- _Records supplied_:
━━━━━━━━━━

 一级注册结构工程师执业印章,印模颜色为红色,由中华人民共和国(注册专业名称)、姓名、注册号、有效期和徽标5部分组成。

━━━━━━━━━━

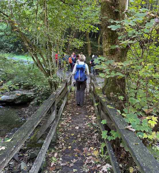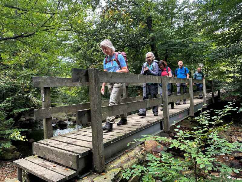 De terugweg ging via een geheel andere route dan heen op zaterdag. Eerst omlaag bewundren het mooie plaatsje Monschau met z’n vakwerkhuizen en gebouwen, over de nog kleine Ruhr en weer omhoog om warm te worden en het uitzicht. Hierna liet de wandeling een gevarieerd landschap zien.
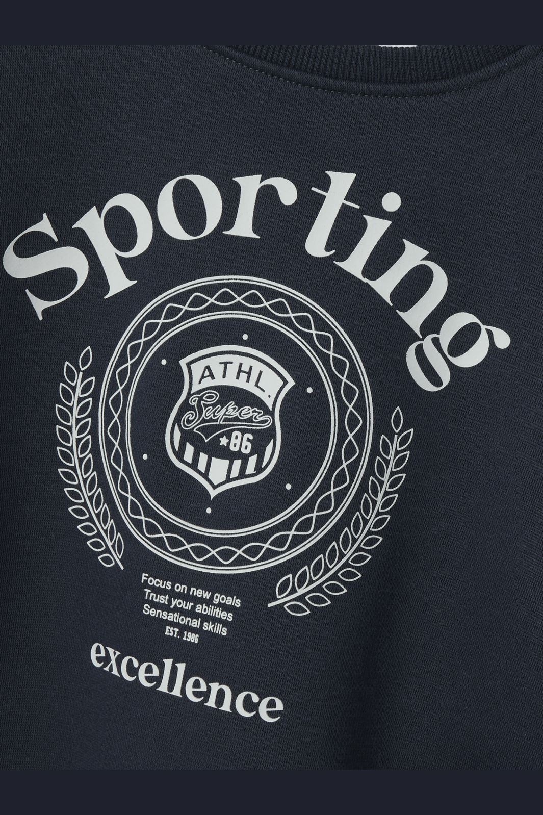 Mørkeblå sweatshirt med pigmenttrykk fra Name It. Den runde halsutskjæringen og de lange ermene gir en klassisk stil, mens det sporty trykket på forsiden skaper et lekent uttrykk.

━━━━━━━━━━

- _Brief_:
Using the data above, return the lines from the one holding "De terugweg ging" through the one holding "Mørkeblå sweatshirt med" exactly, but not the pictures.

- _Solution for this problem_:
 De terugweg ging via een geheel andere route dan heen op zaterdag. Eerst omlaag bewundren het mooie plaatsje Monschau met z’n vakwerkhuizen en gebouwen, over de nog kleine Ruhr en weer omhoog om warm te worden en het uitzicht. Hierna liet de wandeling een gevarieerd landschap zien.
 Mørkeblå sweatshirt med pigmenttrykk fra Name It. Den runde halsutskjæringen og de lange ermene gir en klassisk stil, mens det sporty trykket på forsiden skaper et lekent uttrykk.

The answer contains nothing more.